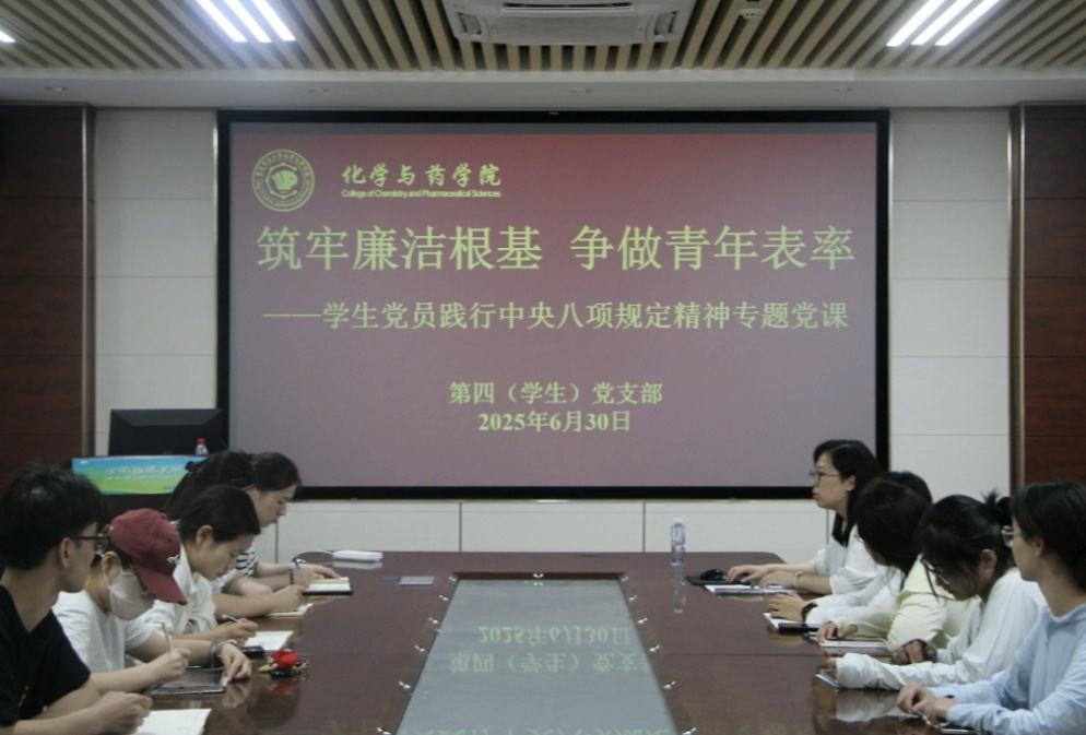 作风建设关乎党的形象与事业成败,青年党员的廉洁自律更是党风建设的重要基石。为深入贯彻中央八项规定精神学习教育,引导学生党员筑牢廉洁自律根基,6月30日,青岛农业大学天天莫天天爽学生妹第四(学生)党支部于化学楼207会议室开展“筑牢廉洁根基,争做青年表率”专题党课,学院团委书记赵莹主讲,第四(学生)党支部全体成员参加。
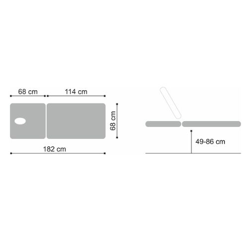 • Divdaļīga virsma: Galvas balsts un galvenā virsma (182 cm x 68 cm), galvas daļas regulācija nodrošina pareizu kakla pozicionēšanu.
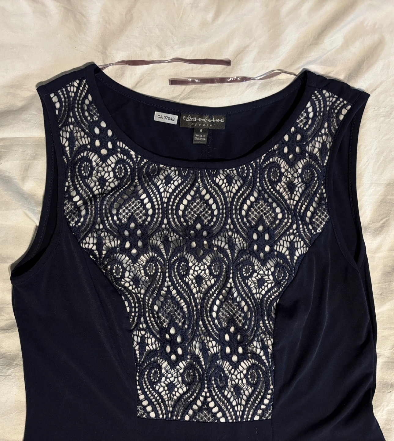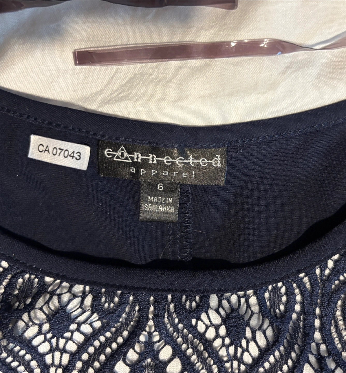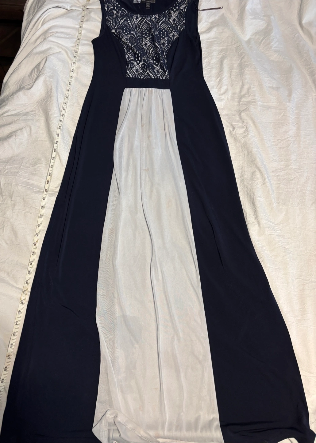 Beautiful black and white maxi dress by Connected Apparel. Features a lace bodice and a flowy skirt. Sleeveless. Size 6 .. Length 54”, waist 30”. Perfect for a special occasion.
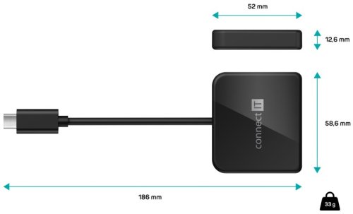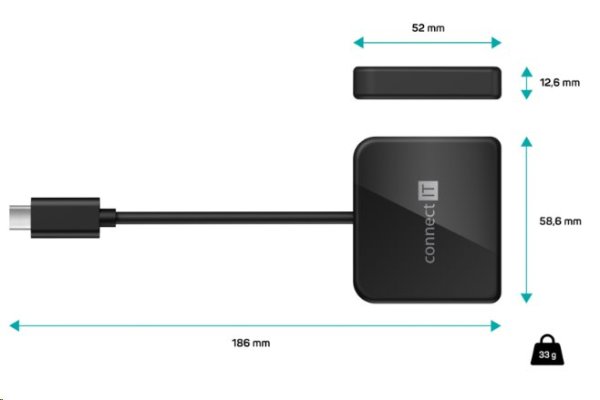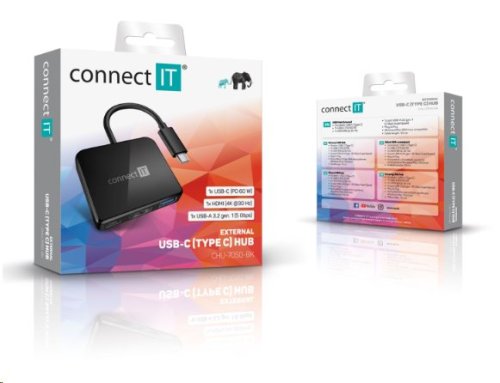 CONNECT IT USB-C hub, 3v1 (USB-C,USB-A,HDMI), externí, ČERNÝ
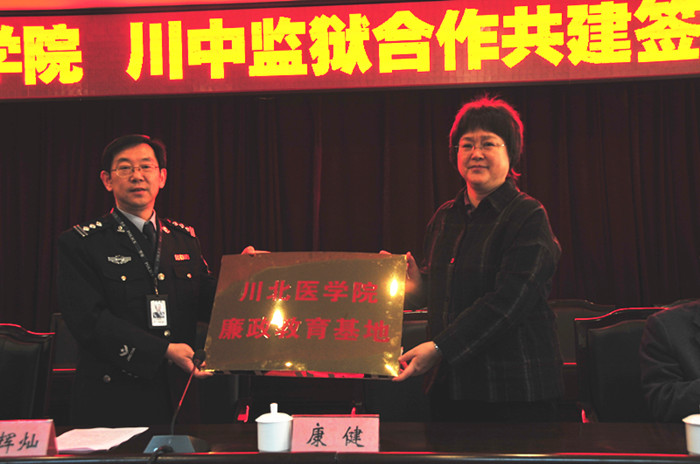 警示教育会上,川中监狱党委书记、监狱长黄辉灿向我校一行介绍了监狱基本情况。川中监狱与我校签订了《川北医学院、川中监狱合作共建协议》;我校向川中监狱授予“川北医学院廉政教育基地”牌匾。两名川中监狱服刑人员现身说法,讲述了走上犯罪道路的原因,总结了教训,用自己亲身经历的痛苦和悔恨,给与会人员上了一堂直观、生动、形象的警示课。
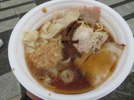こちらのお店は並ぶこと5分でラーメンを受け取ることができました。 先程の「中華そば ひらこ屋」以外はどのお店もこのくらいの待ち時間でラーメンをゲットすることができます。 全店このくらいの待ち時間なら良いのにね^^
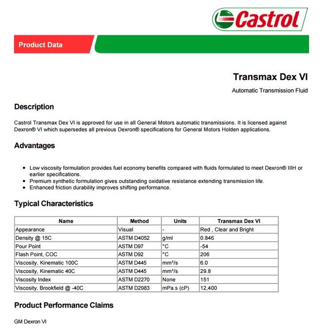 ®Dexron VI,取代以前所有的®Dexron規格Holden汽車應用。
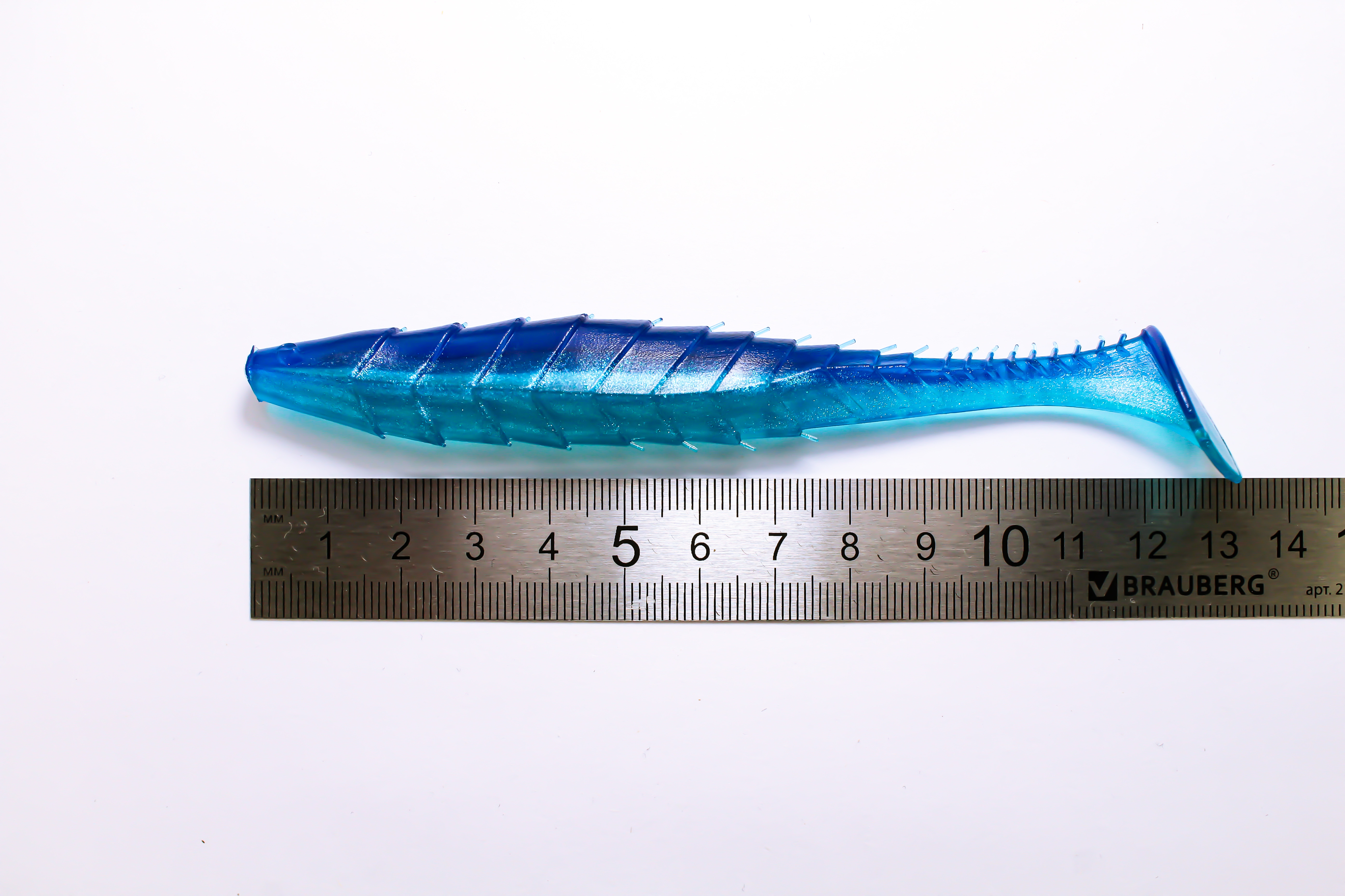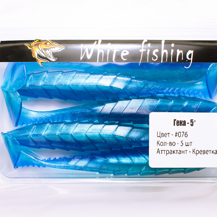 Приманка Гека сделана из качественного силикона, что гарантирует долгий срок службы и превосходную игру в воде. Её размер в 5 дюймов является оптимальным для привлечения внимания крупных хищников, таких как щука, судак и крупный окунь. Эксклюзивный сине-голубой цвет делает приманку невидимой в прозрачной воде, максимально естественно воспроизводя природный облик мальков.

──────────────────────────────

EXERCISE REQUIREMENTS:
Without any of its pictures, the listing is to be repeated exactly as it stands.

RESULT FOR THIS TASK:
 作风建设关乎党的形象与事业成败,青年党员的廉洁自律更是党风建设的重要基石。为深入贯彻中央八项规定精神学习教育,引导学生党员筑牢廉洁自律根基,6月30日,青岛农业大学天天莫天天爽学生妹第四(学生)党支部于化学楼207会议室开展“筑牢廉洁根基,争做青年表率”专题党课,学院团委书记赵莹主讲,第四(学生)党支部全体成员参加。
 • Divdaļīga virsma: Galvas balsts un galvenā virsma (182 cm x 68 cm), galvas daļas regulācija nodrošina pareizu kakla pozicionēšanu.
 Beautiful black and white maxi dress by Connected Apparel. Features a lace bodice and a flowy skirt. Sleeveless. Size 6 .. Length 54”, waist 30”. Perfect for a special occasion.
 CONNECT IT USB-C hub, 3v1 (USB-C,USB-A,HDMI), externí, ČERNÝ
 警示教育会上,川中监狱党委书记、监狱长黄辉灿向我校一行介绍了监狱基本情况。川中监狱与我校签订了《川北医学院、川中监狱合作共建协议》;我校向川中监狱授予“川北医学院廉政教育基地”牌匾。两名川中监狱服刑人员现身说法,讲述了走上犯罪道路的原因,总结了教训,用自己亲身经历的痛苦和悔恨,给与会人员上了一堂直观、生动、形象的警示课。
こちらのお店は並ぶこと5分でラーメンを受け取ることができました。 先程の「中華そば ひらこ屋」以外はどのお店もこのくらいの待ち時間でラーメンをゲットすることができます。 全店このくらいの待ち時間なら良いのにね^^
 ®Dexron VI,取代以前所有的®Dexron規格Holden汽車應用。
 Приманка Гека сделана из качественного силикона, что гарантирует долгий срок службы и превосходную игру в воде. Её размер в 5 дюймов является оптимальным для привлечения внимания крупных хищников, таких как щука, судак и крупный окунь. Эксклюзивный сине-голубой цвет делает приманку невидимой в прозрачной воде, максимально естественно воспроизводя природный облик мальков.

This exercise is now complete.